Dal Vangelo secondo Marco ( MC, 29 -39)
In quel tempo, Gesù, uscito dalla sinagoga, subito andò nella casa di Simone e Andrea, in compagnia di Giacomo e Giovanni. La suocera di Simone era a letto con la febbre e subito gli parlarono di lei. Egli si avvicinò e la fece alzare prendendola per mano; la febbre la lasciò ed ella li serviva.
Venuta la sera, dopo il tramonto del sole, gli portavano tutti i malati e gli indemoniati. Tutta la città era riunita davanti alla porta. Guarì molti che erano affetti da varie malattie e scacciò molti demòni; ma non permetteva ai demòni di parlare, perché lo conoscevano.
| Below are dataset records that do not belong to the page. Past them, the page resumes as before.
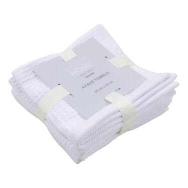 LA Collection 550 GSM Cotton Face Towels White 30x30cm 4 PCS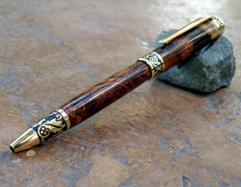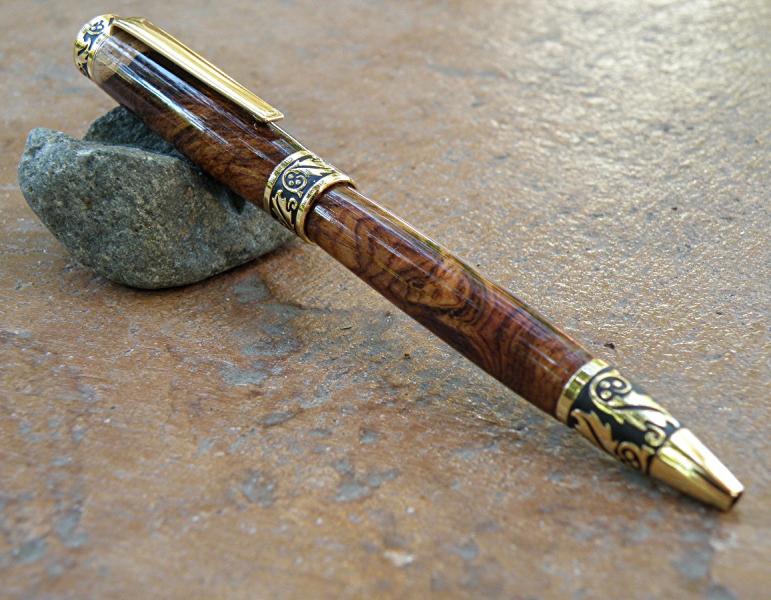 I like the Sculpted pen from PSI. I dressed it in Honduran Rosewood Burl. It only comes in the 24 k finish though. I finished it with 8 coats of thin CA. Anyone know if the epoxy covering they claim on it really helps it last longer?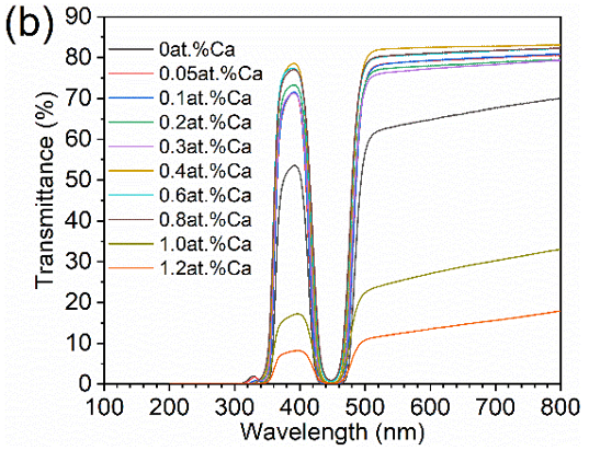 不同Ca2+掺杂浓度Ce,Ca:LuAG闪烁陶瓷的实物照片和透过率曲线

Al mattino presto si alzò quando ancora era buio e, uscito, si ritirò in un luogo deserto, e là pregava. Ma Simone e quelli che erano con lui si misero sulle sue tracce. Lo trovarono e gli dissero: «Tutti ti cercano!». Egli disse loro: «Andiamocene altrove, nei villaggi vicini, perché io predichi anche là; per questo infatti sono venuto!».
E andò per tutta la Galilea, predicando nelle loro sinagoghe e scacciando i demòni.
La proposta di Gesù nel “sabato di Cafarnao” , non è limitata ai gesti che avrebbero potuto collocarlo nell’alveo delle osannazioni, ma in quello delle “annunciazioni”. Gesù non solo evita quelle forme riverenziali che tanti avrebbero dovuto dargli per il bene che stava portando, ma sprona soprattutto i vicini, a proseguire un iter finalizzato ad annunciare che la salvezza sta nella integralità dell’uomo sanato nel corpo e nelle fragilità spirituali.
Uscendo dalla sinagoga, insieme ai suoi primi discepoli, si reca alla casa di Pietro dove incrocia la suocera che vive l’esperienza della malattia.
Si avvicina, le prende la mano, la guarisce e questa si mette a servirli. E’ in questi gesti che si delinea la novità della proposta che Gesù intende indicare. E’ una vera e propria indicazione in cui, con tempi e modi diversificati da ogni situazione, modella la sanazione come forma d’evangelizzazione per l’umanità.
Nell’avvicinarsi Gesù mostra l’andare incontro a chi vive le difficoltà della vita proponendo un annuncio di amore;
nel prendere per mano e nel risollevare la donna indica che non basta semplicemente accompagnare chi vive male, ma soprattutto di condividere per poi scardinare il disagio e annunciare la necessità di un bene da attuare;
nel guarire il chinarsi di un Padre sulle estremità manifestando non semplicemente un miracolo, ma l’amore totale di Dio per chi soffre affinché tutti escano dalle tristezze e dalle tragedie che spesso attanagliano gli uomini e paralizzano il bene della nostra società;
nel servizio della suocera di Pietro, l’esperienza del giorno dopo, quella della risurrezione che è strettamente legata ad un dono che non può essere privatizzato, ma che dev’essere ridonato a tutti.
Uscito dalla casa della suocera di Pietro per pregare, Gesù viene raggiunto dai discepoli che chiedono che ancora continui in questi gesti miracoli di guarigione. Gesù, invece, li invita ad andare e ad annunciare la lieta notizia che il male si può scardinare solo prendendolo per mano.
Dalla Chiesa delle guarigioni alla comunità “delle annunciazioni”. E’ questo quanto vien fuori dal sabato di Cafarnao poiché servire è già guarire. Chi serve è già un risorto chiamato a far risorgere quanti ancora vivono nel dolore e nell’angoscia.